На дверях избы было написано:
Т а б о р [179]
Когоут мелом и известью пририсовал к этому названию большой герб и двухвостого льва [180], а под ним приписал:
С и p о т ы [181]
Над дверью прибили крест-накрест два маленьких флажка, — красно-бело-синий и красно-белый [182]. В горнице место иконы заняла неумело нарисованная картина, изображающая Яна Гуса [183] на костре. Стены всех трех комнат и сеней разукрасили лозунгами:
П p а в д а п о б е д и т!
С в о й к с в о е м у и в с е г д а з а п р а в д у!
К т о н е с н а м и, т о т п р о т и в н а с!
И всю стену, напротив входной двери, заняла броская надпись:
Е с т ь и б у д у с л а в я н и н о м!
На побеленном боку русской печи Когоут нарисовал углем карикатуру: два хромых монарха играют на шарманке. А во второй горнице, там, где положено быть иконе, красовался портрет русского царя, вырезанный из какого-то журнала.

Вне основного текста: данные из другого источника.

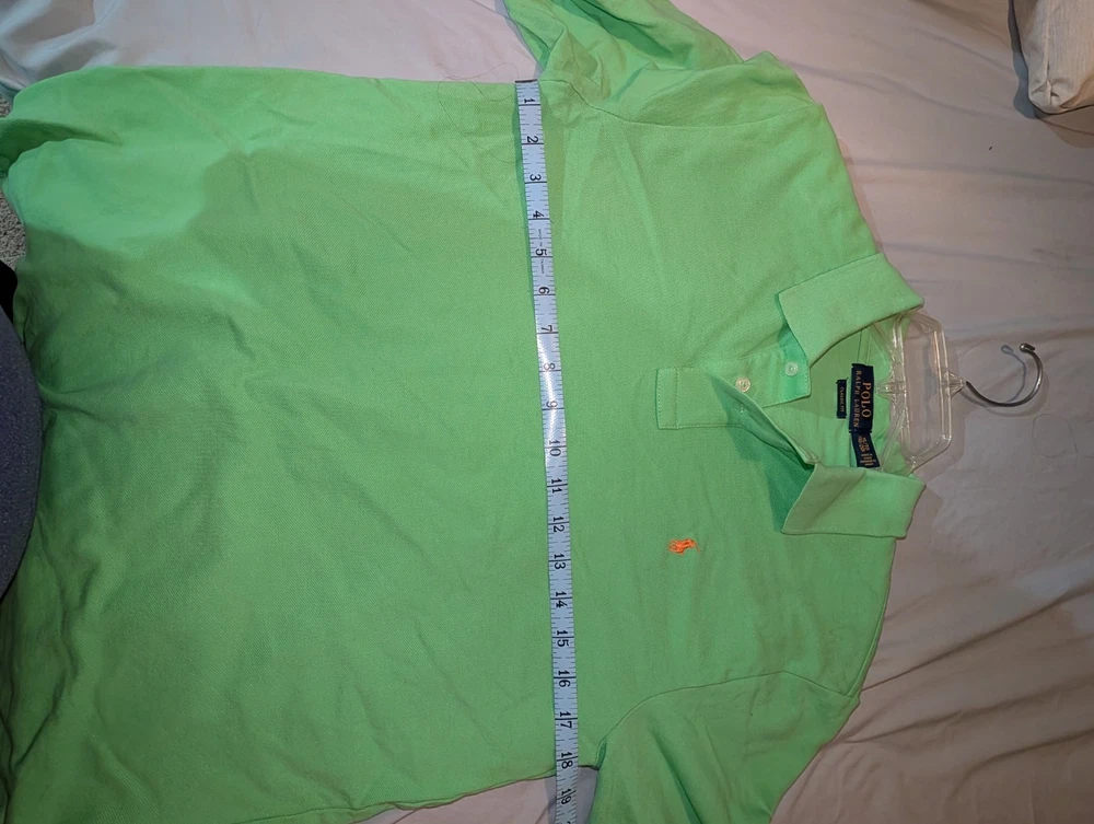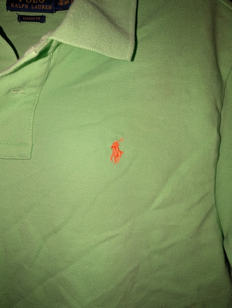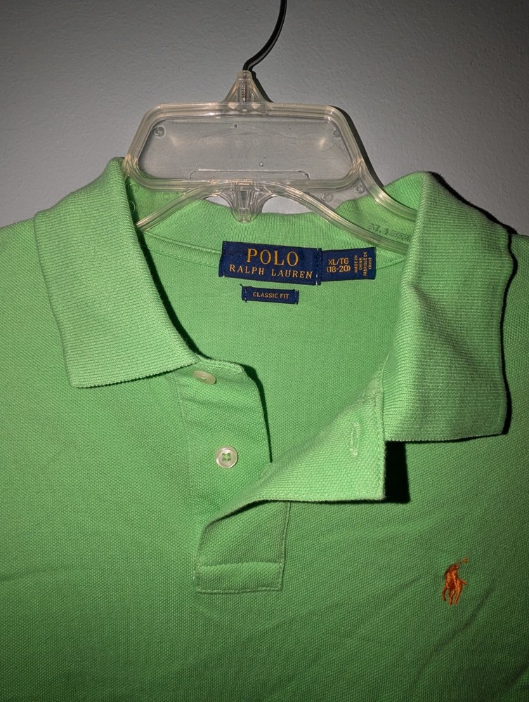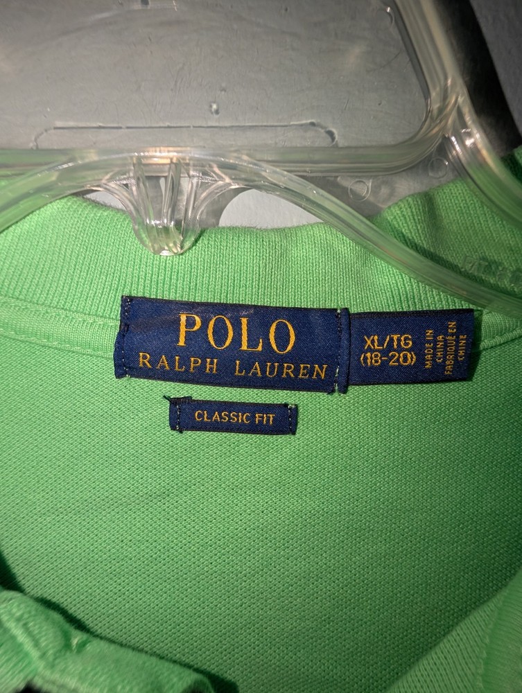 The Polo Ralph Lauren Boys Classic Fit Polo Shirt in green, size XL 18-20, is a stylish and versatile top perfect for boys. Made from 100% cotton, this polo shirt features a solid pattern, short sleeves, a collared neckline, and a button closure. The classic fit and pullover style make it comfortable for casual occasions during the summer, fall, and spring seasons. With the renowned Polo Ralph Lauren brand, this shirt combines quality, timeless design, and a touch of boyish charm.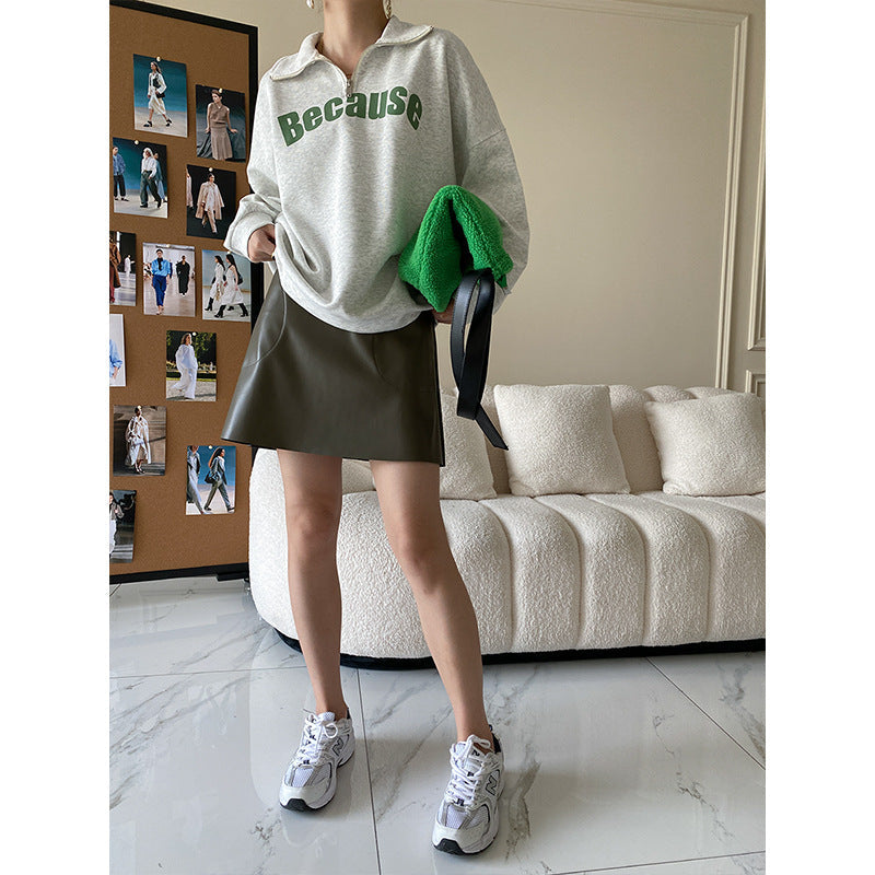 Diana Harvard Sweatshirt Retro Polo Collar Loose Letter Sweater
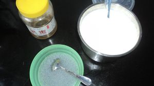 酸奶我用的是自己做的,纯牛奶加益生菌发酵粉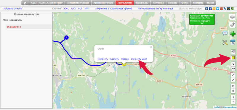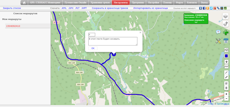 Для того, чтобы отметить на маршруте какие-то важные места, можно расставить специальные точки.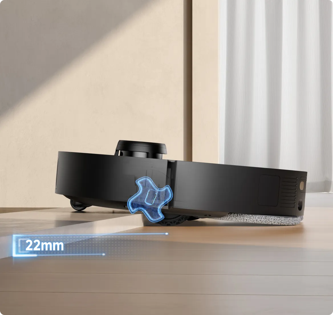 Το σύστημα EasyLeap™ διαθέτει 4 τροχούς που βοηθούν την ηλεκτρική σκούπα-ρομπότ να ανεβαίνει σκαλοπάτια και ράγες πορτών ύψους έως και 40 mm*. Ο σχεδιασμός αυτός είναι αποτελεσματικός ακόμα και σε υγρά δάπεδα, ολισθηρές επιφάνειες κουζίνας ή ράγες σε συρόμενες πόρτες.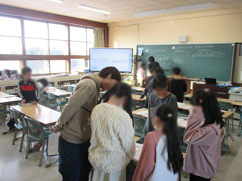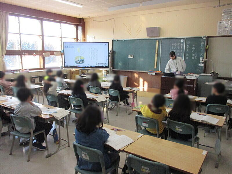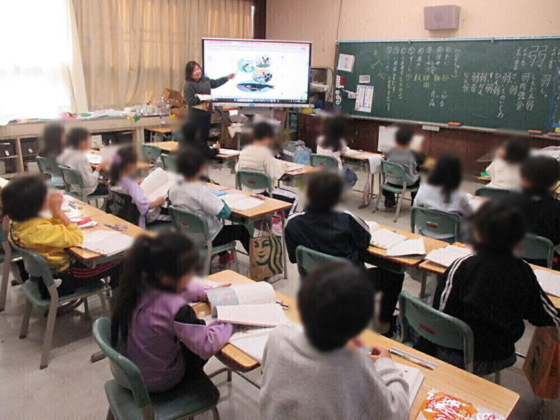 2年生も、国語の学習をしていました。新出漢字の学習の後、「せかい一の話」というお話の読み聞かせを聞いて、おもしろかったことや感じたことを交流していました。読み聞かせの前段には、津軽の位置や八甲田山の様子をなどを確認していました。

И вот, когда в этой своей крепости мужественные Сиротки — вместе с Бауэром, пришедшим к ним в гости, — впервые сели за самый настоящий сладкий чай, они прониклись глубокими чувствами заслуженно отдыхающих победителей, и в глубине сердец у них шевельнулась сумасбродная мысль — никуда больше отсюда не высовывать носа. В этом уютном гнездышке в тот вечер все переполнялось сознанием хорошо сделанного дела и все дышало теплотой дружбы.
Они поднимали стаканы чая за свое здоровье и за погибель австрияков и Австрии. Завадил, открывая празднество, сказал слова приветствия, которые, видимо, выражали самые заветные мысли Сироток.

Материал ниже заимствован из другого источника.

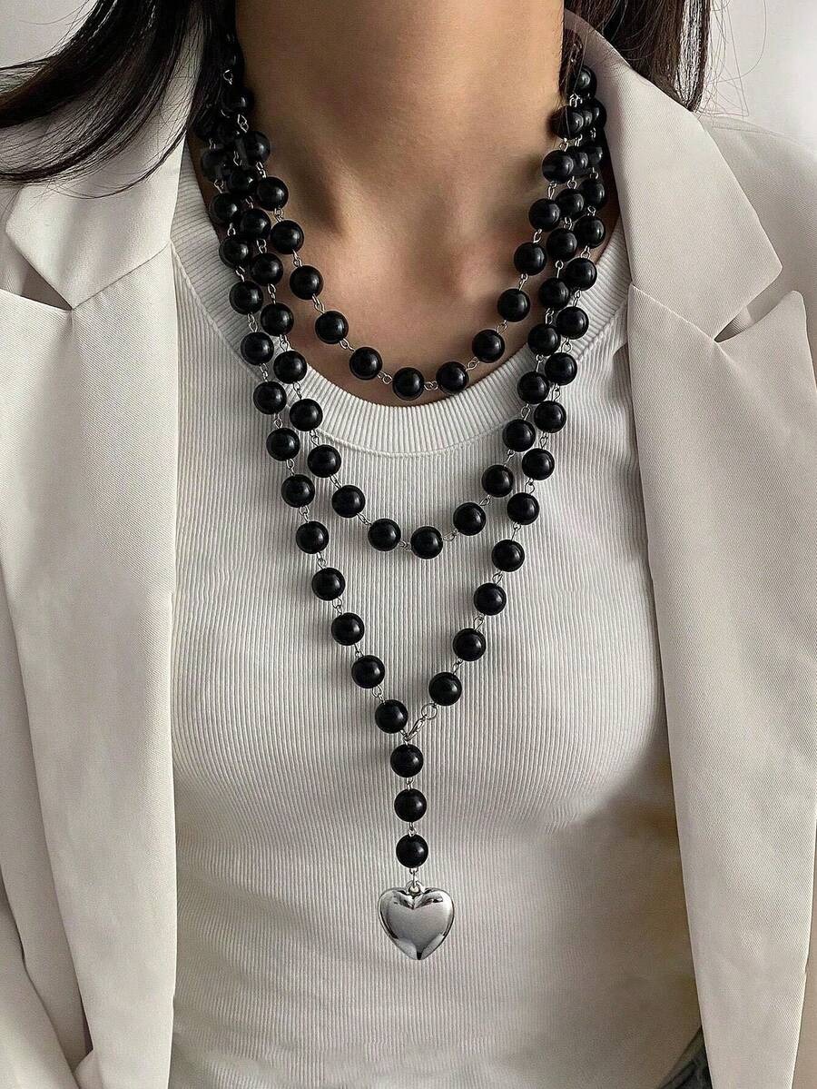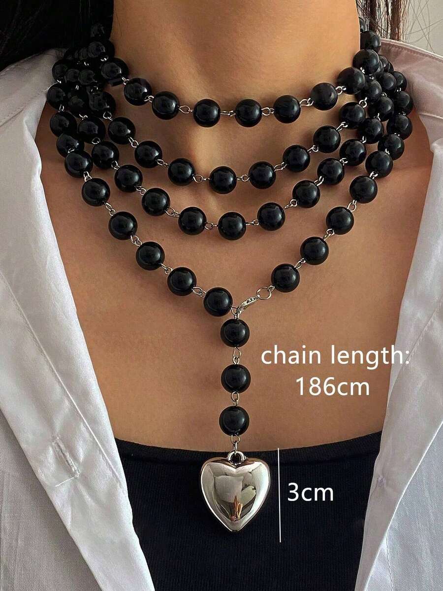 Μακρύ Κολιέ Ροζάριο με Μαύρες Χάντρες και Μεταλλική Καρδιά | Multi-Layer Statement Necklace

— Сегодня, дорогие друзья и Сиротки, — говорил Завадил, — в этот знаменательный день мы можем наконец громко сказать, кто что думает. Тут уж у нас за спиной не стоит ни враг, ни предатель, ни лицемер. И что я, товарищи, хочу еще сказать, так это, что свободу, известное дело, не завоюешь без кровавой борьбы против Австрии.
Речь Завадила, увлекаемого волнами одобрения и даже восторга слушателей, лилась потоком; не переводя дыхания, он отважно поставил на голосование свое предложение о размерах обязательного национального налога, за что его тут же и окрестили «министром финансов» и избрали казначеем. Но потом, когда он с места в карьер принялся переписывать своих данников, его под веселый хохот немедленно разжаловали в «сборщики податей».